— TASK INSTRUCTIONS —
Starting at the line that contains "在人體關(guān)節(ji" and stopping at the line that contains "Azulao macho e fêmea testando", restate each line of the records below exactly. Omit the pictures.

— EXTRACTED DATA —
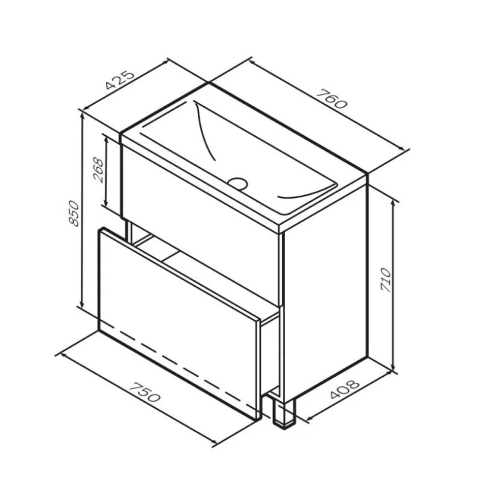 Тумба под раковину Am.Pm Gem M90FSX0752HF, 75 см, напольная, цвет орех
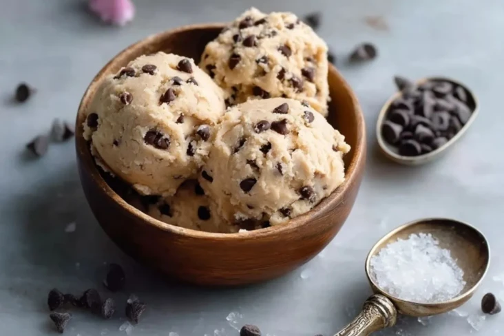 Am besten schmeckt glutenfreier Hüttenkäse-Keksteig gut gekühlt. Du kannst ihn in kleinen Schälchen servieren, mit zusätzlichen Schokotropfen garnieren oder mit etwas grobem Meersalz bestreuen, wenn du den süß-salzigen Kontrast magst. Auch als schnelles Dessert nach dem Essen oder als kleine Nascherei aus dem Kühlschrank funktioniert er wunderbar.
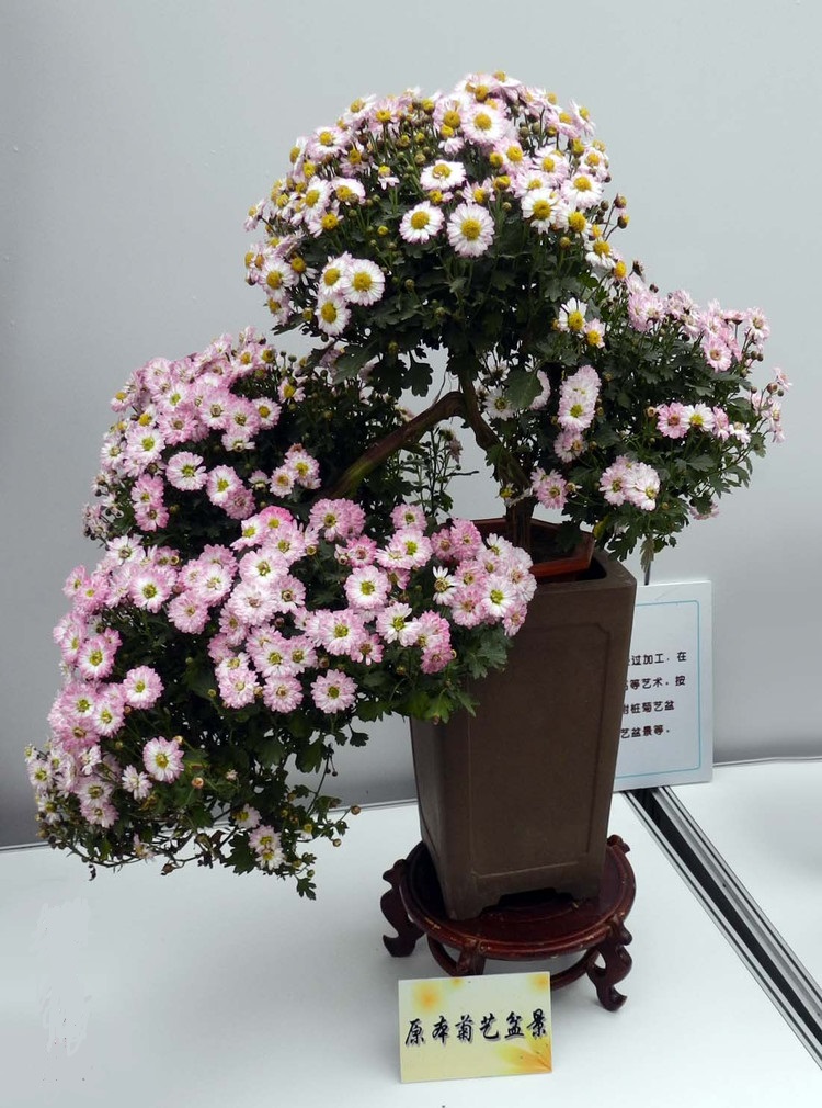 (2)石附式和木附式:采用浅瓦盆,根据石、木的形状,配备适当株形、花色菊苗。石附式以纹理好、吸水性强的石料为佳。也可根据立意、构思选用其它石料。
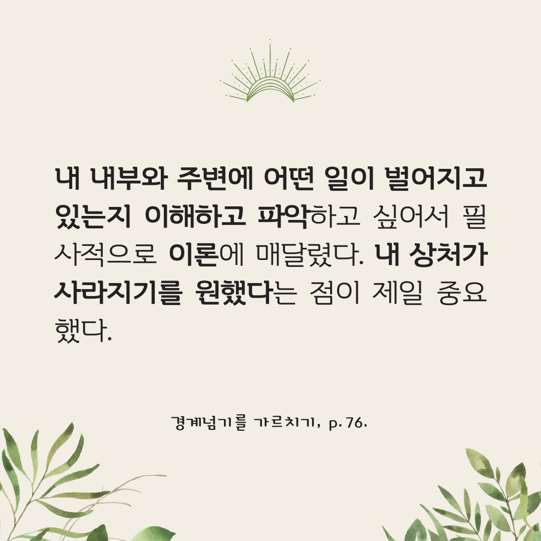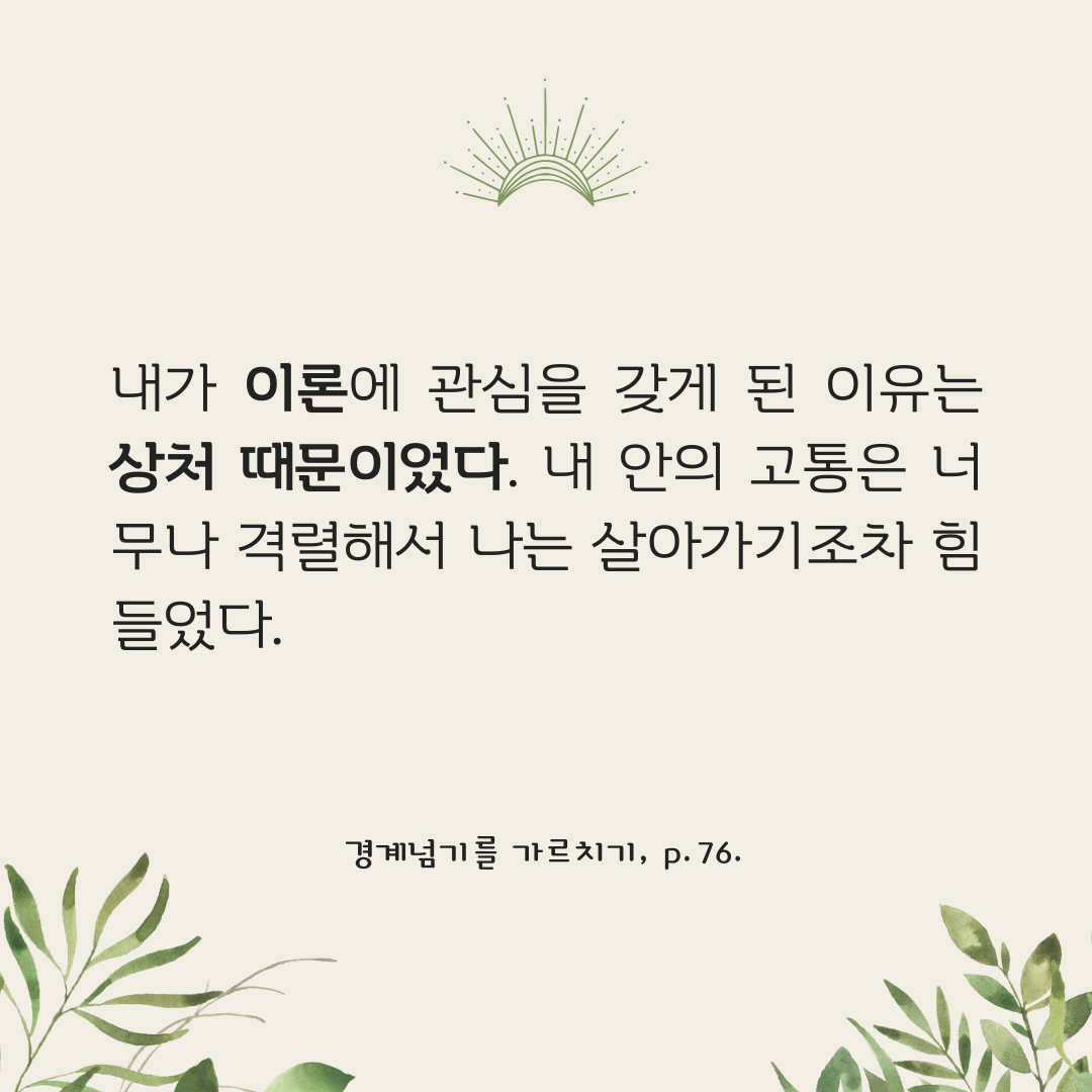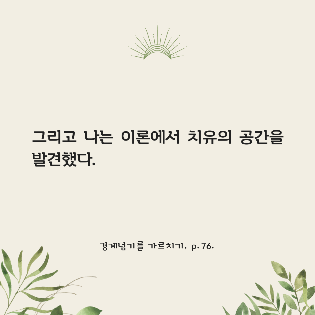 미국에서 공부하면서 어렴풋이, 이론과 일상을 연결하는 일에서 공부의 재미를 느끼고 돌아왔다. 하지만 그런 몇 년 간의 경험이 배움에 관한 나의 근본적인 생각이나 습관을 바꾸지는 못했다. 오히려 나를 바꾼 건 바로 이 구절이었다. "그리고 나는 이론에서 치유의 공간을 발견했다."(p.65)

==

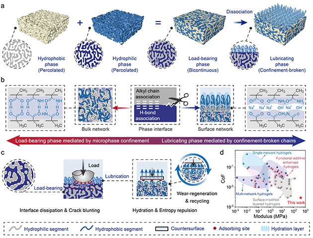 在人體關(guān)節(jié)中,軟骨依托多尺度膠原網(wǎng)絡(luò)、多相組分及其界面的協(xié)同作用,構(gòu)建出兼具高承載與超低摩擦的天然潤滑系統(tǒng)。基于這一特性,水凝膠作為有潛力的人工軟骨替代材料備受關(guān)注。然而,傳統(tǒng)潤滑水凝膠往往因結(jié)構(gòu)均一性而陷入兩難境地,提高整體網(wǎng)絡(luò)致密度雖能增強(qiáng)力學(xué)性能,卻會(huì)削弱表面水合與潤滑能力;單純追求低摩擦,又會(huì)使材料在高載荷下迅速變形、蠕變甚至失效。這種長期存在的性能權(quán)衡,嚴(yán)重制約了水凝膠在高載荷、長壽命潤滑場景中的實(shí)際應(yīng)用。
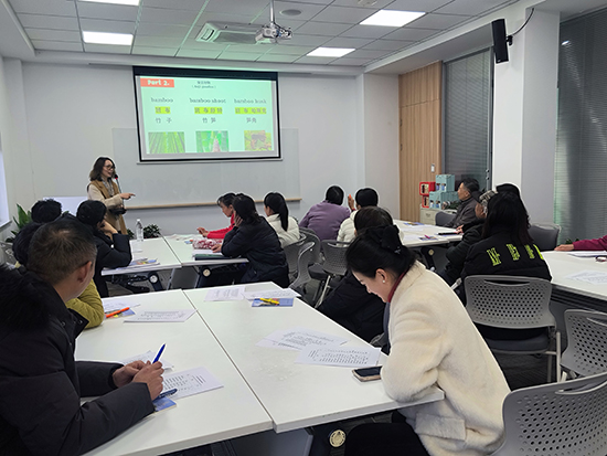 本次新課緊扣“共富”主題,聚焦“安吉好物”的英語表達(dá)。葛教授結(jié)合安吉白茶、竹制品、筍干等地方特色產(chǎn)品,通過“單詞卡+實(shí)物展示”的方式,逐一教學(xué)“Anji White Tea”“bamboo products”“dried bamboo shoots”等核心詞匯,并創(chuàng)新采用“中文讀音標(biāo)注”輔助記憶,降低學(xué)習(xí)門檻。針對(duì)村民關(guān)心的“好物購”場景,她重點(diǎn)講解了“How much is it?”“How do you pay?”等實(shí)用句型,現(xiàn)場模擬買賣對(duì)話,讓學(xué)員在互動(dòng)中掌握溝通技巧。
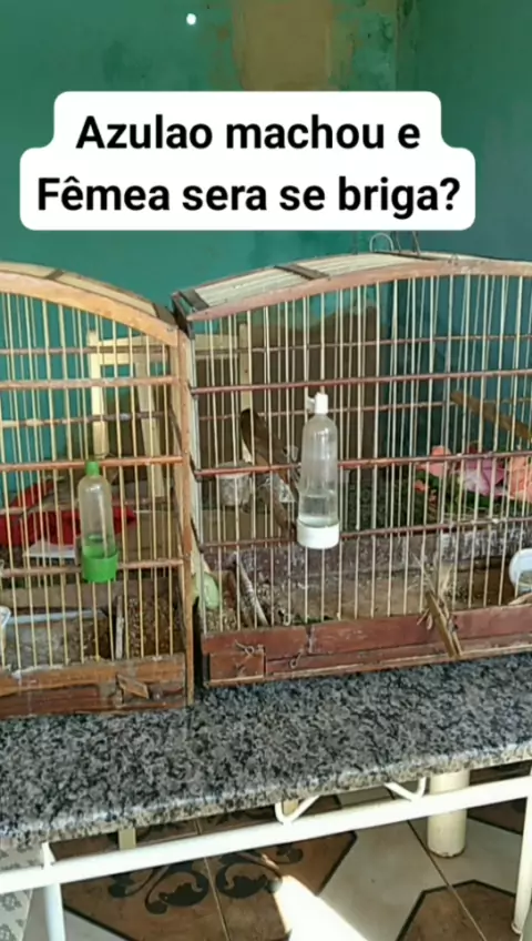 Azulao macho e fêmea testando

---

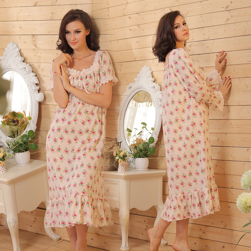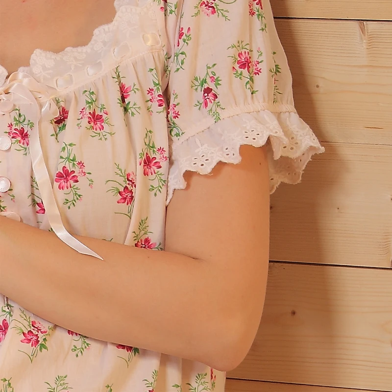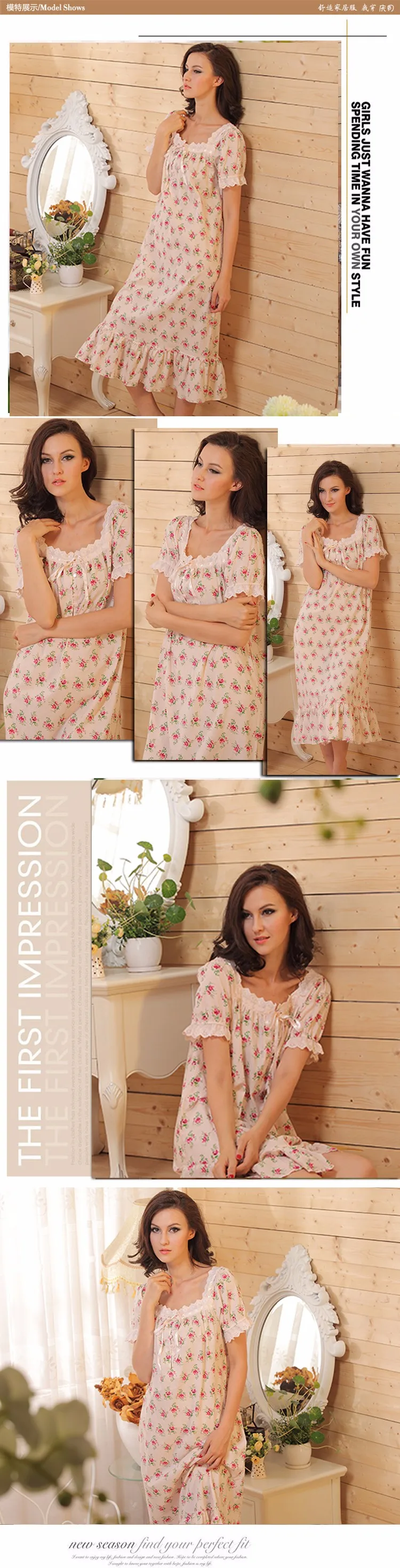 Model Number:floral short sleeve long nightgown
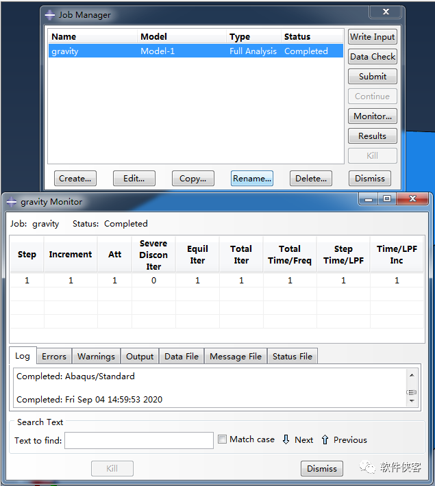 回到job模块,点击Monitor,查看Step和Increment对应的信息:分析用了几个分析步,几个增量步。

— RESULT OF THE EXERCISE —
 在人體關(guān)節(jié)中,軟骨依托多尺度膠原網(wǎng)絡(luò)、多相組分及其界面的協(xié)同作用,構(gòu)建出兼具高承載與超低摩擦的天然潤滑系統(tǒng)。基于這一特性,水凝膠作為有潛力的人工軟骨替代材料備受關(guān)注。然而,傳統(tǒng)潤滑水凝膠往往因結(jié)構(gòu)均一性而陷入兩難境地,提高整體網(wǎng)絡(luò)致密度雖能增強(qiáng)力學(xué)性能,卻會(huì)削弱表面水合與潤滑能力;單純追求低摩擦,又會(huì)使材料在高載荷下迅速變形、蠕變甚至失效。這種長期存在的性能權(quán)衡,嚴(yán)重制約了水凝膠在高載荷、長壽命潤滑場景中的實(shí)際應(yīng)用。
 本次新課緊扣“共富”主題,聚焦“安吉好物”的英語表達(dá)。葛教授結(jié)合安吉白茶、竹制品、筍干等地方特色產(chǎn)品,通過“單詞卡+實(shí)物展示”的方式,逐一教學(xué)“Anji White Tea”“bamboo products”“dried bamboo shoots”等核心詞匯,并創(chuàng)新采用“中文讀音標(biāo)注”輔助記憶,降低學(xué)習(xí)門檻。針對(duì)村民關(guān)心的“好物購”場景,她重點(diǎn)講解了“How much is it?”“How do you pay?”等實(shí)用句型,現(xiàn)場模擬買賣對(duì)話,讓學(xué)員在互動(dòng)中掌握溝通技巧。
 Azulao macho e fêmea testando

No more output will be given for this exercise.